- DATA SHOWN
━━━━━━━━

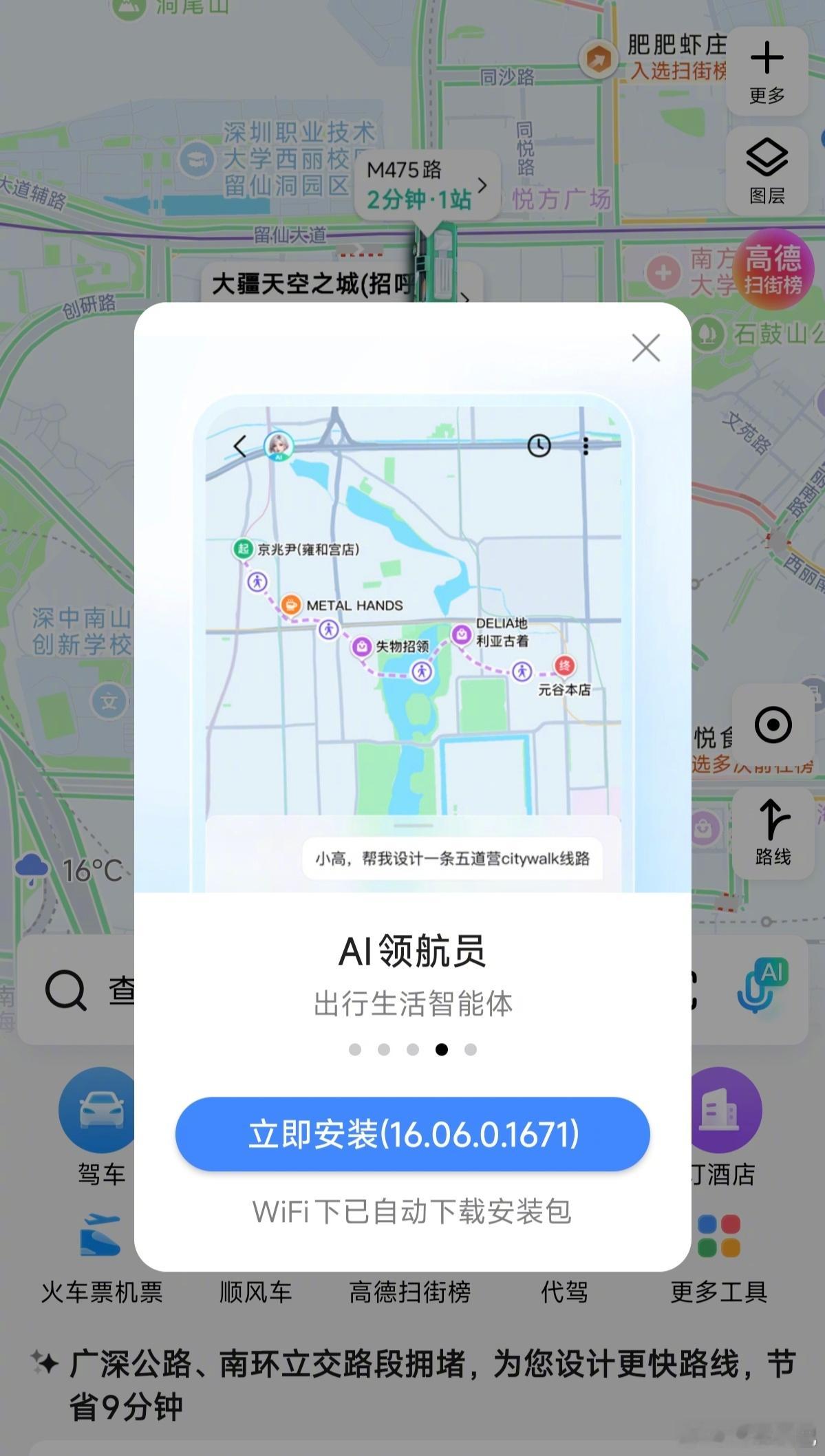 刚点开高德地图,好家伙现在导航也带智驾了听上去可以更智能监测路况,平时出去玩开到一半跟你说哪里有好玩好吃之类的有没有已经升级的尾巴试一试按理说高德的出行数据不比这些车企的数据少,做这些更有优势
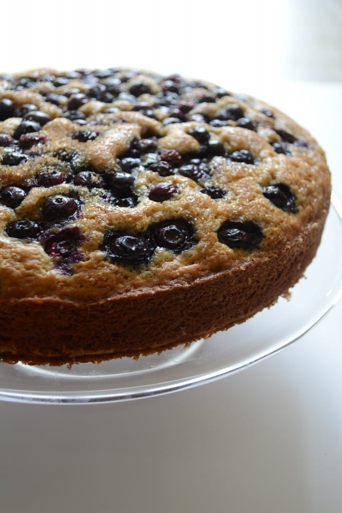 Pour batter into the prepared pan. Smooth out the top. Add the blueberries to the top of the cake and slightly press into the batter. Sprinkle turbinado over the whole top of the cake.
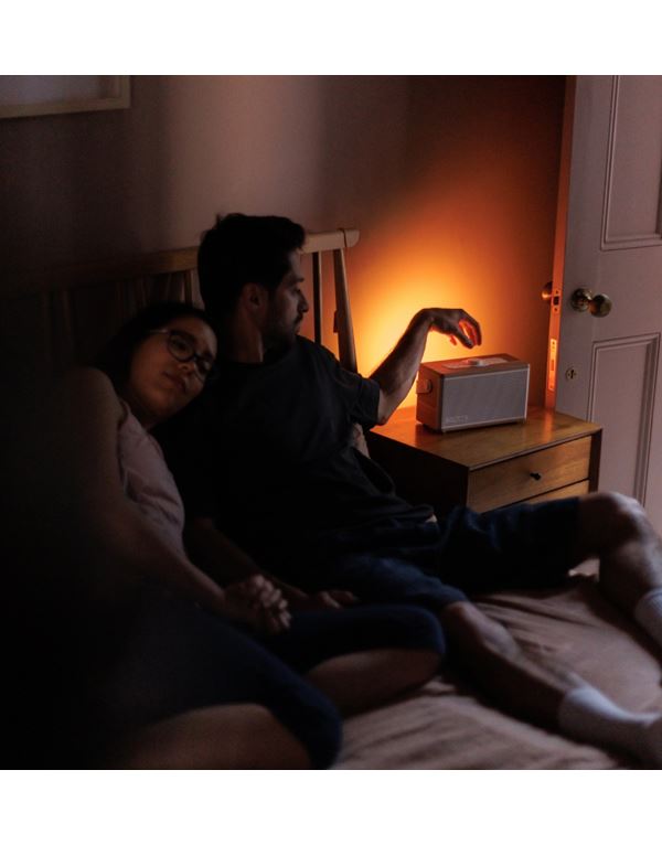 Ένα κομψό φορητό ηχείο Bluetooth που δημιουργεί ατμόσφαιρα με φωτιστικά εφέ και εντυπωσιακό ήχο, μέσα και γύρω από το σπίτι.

━━━━━━━━

Each line from the one containing "Pour batter into" through the last line of the listing must be copied exactly, and the pictures must not be.

- RESPONSE
 Pour batter into the prepared pan. Smooth out the top. Add the blueberries to the top of the cake and slightly press into the batter. Sprinkle turbinado over the whole top of the cake.
 Ένα κομψό φορητό ηχείο Bluetooth που δημιουργεί ατμόσφαιρα με φωτιστικά εφέ και εντυπωσιακό ήχο, μέσα και γύρω από το σπίτι.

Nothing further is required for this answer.